Now, as far as coding expressions of symbols, there are many ways you can reasonably do this.

The most intuitive and obvious way to do this is of course to just concatenate the codes, so that, for example, $ss0$ becomes $776$. However, this method can quickly run into trouble: since you need to decode the expressions from the codings, you need to ensure that you cannot have two different logic objects have the same code. And suppose the code for the function symbol $f$ would be $77$. Then the code for $f0$ would be $776$, just like the code for $ss0$, and so that's not what we want.

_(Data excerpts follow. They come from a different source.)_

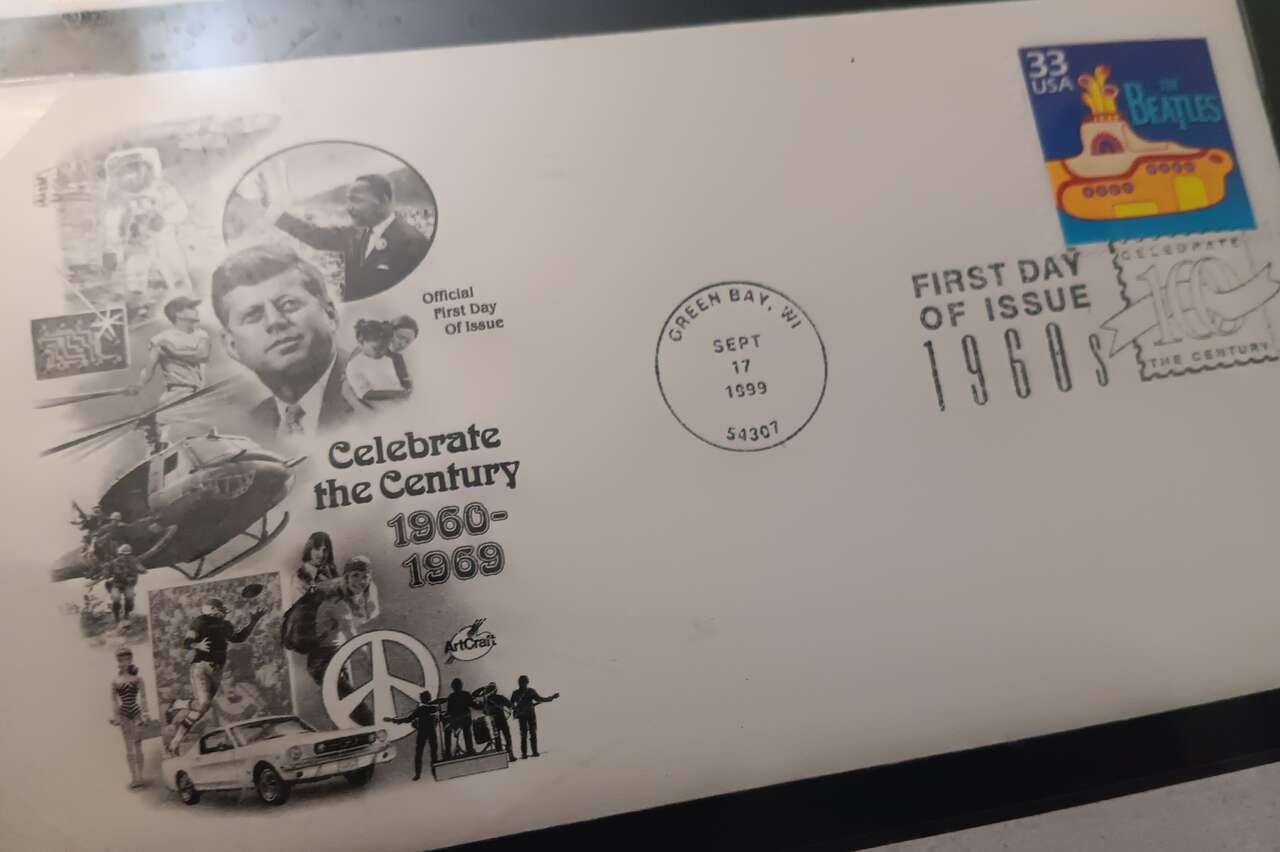 VenmoThis framed first day cover and single 33 cent USA stamp featuring Scott 3188O is a must-have for any Beatles fan and music memorabilia collector. The item showcases the iconic band's impact on the rock and pop music genre and their popularity in the United States. The original and authentic piece of entertainment memorabilia is perfect for display in any home or office. It is a great addition to any collection of Beatles memorabilia and a valuable item for any fan of the band. The frame is acrylic and 2" depth by 15" by 12' (approximately) all MNH inside. Includes iconic picture of the Beatles.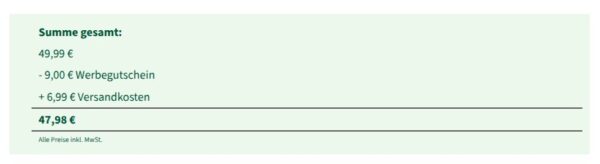 Um den besten Preis zu erzielen, nutzt ihr im Warenkorb den Gutscheincode dankemama. Damit reduziert sich der Preis für das gesamte Set um 10%. FloraPrima liefert pünktlich zum Wunschtermin, sodass ihr euch um nichts weiter kümmern müsst.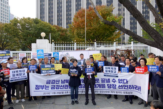 이들은 “강경화 외교부 장관이나 문재인 대통령 스스로 인정하듯 금강산관광은 유엔 대북 제재 대상이 아니다”며 “우리 정부는 양 정상이 합의했음에도 미국만 의식한 채 금강산 관광을 재개할 아무런 방안도 내놓지 못했다”고 지적했다.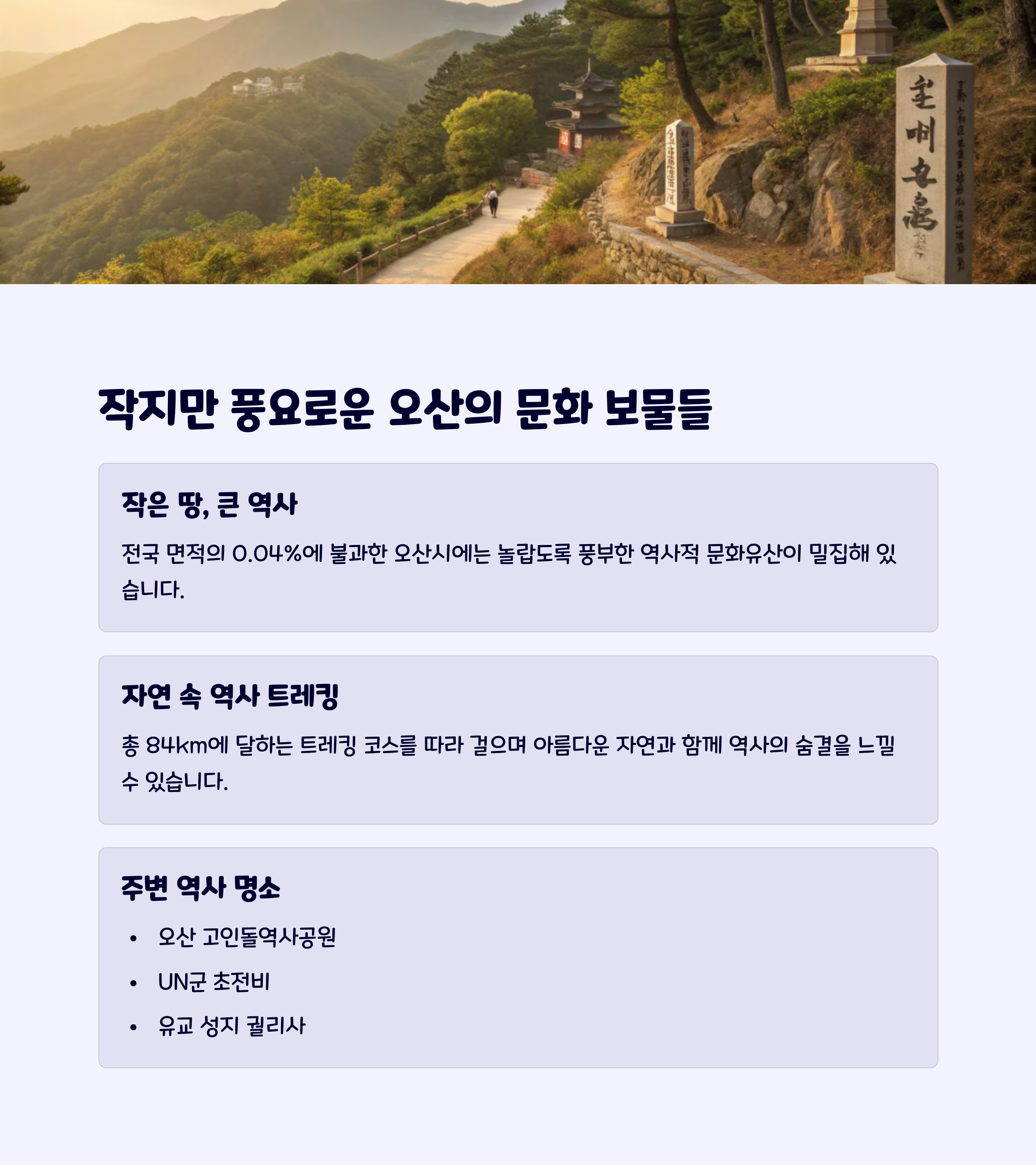 오산시는 작은 면적 내에 다수의 역사적 유산과 문화재가 분포하고 있어, 트레킹 루트를 짜기에 안성맞춤입니다.
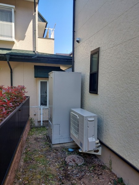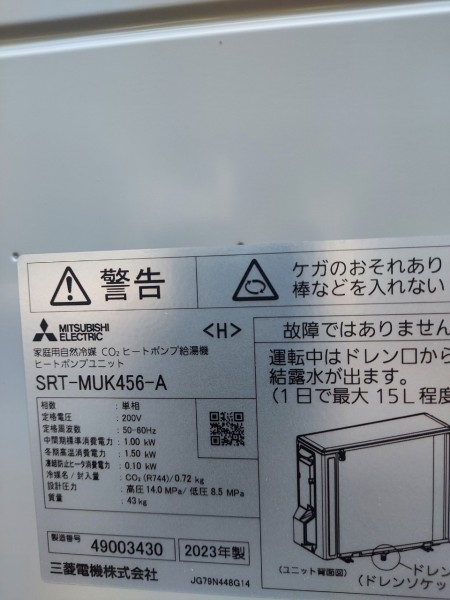 西条市野々市 三菱電機自然冷媒CO2家庭用ヒートポンプ給湯機ヒートポンプユニットSRT-MUK456-A、貯湯ユニットSRT-WTK376D エコキュート交換工事

Now, there are ways to code the individual symbols to make the coding of expressions thereof be unique. For example, we could use numbers that, when written in decimal, are such that the first digit represents the start of a new symbol, and make sure that that digit does not occur elsewhere. For example, $ss0$ could be coded as $171716$, while $f0$ would then be $17716$. We could also use that first digit to represent the kind of symbol we are dealing with. For example, constant symbols $c_0$, $c_1$, $c_2$ ... could be coded as $1$, $19$, $199$, etc., while variables $v_0, v_1, v_2, ..$ would be $2$, $29$, $299$, etc.

However, most treatments will use some kind of prime coding, exploiting the fact that numbers have a unique prime factorization. For example, $ss0$ would be coded as the number $2^7 \times 3^7 \times 5^6 = 4374000000$, while $f0$ becomes $2^77 \times 3^6$. Given $4374000000$ we find its prime factors, find that it's $2^7 \times 3^7 \times 5^6$, and recover the expression $ss0$ from that. For practical purposes, many treatments will actually use the first prime exponent to indicate the length of the string, and so $ss0$ would be coded as the number $2^3 \times 3^7 \times 5^7 \times 7 ^ 6$.

In sum, there are many ways to do this kind of coding, and you don't have to use prime coding. In fact, think about this: logic symbols, expressions, and whole proof objects used in logic software are (somehow) represented with long binary strings, and you can imagine that for efficiency sake those will not involve any prime codings.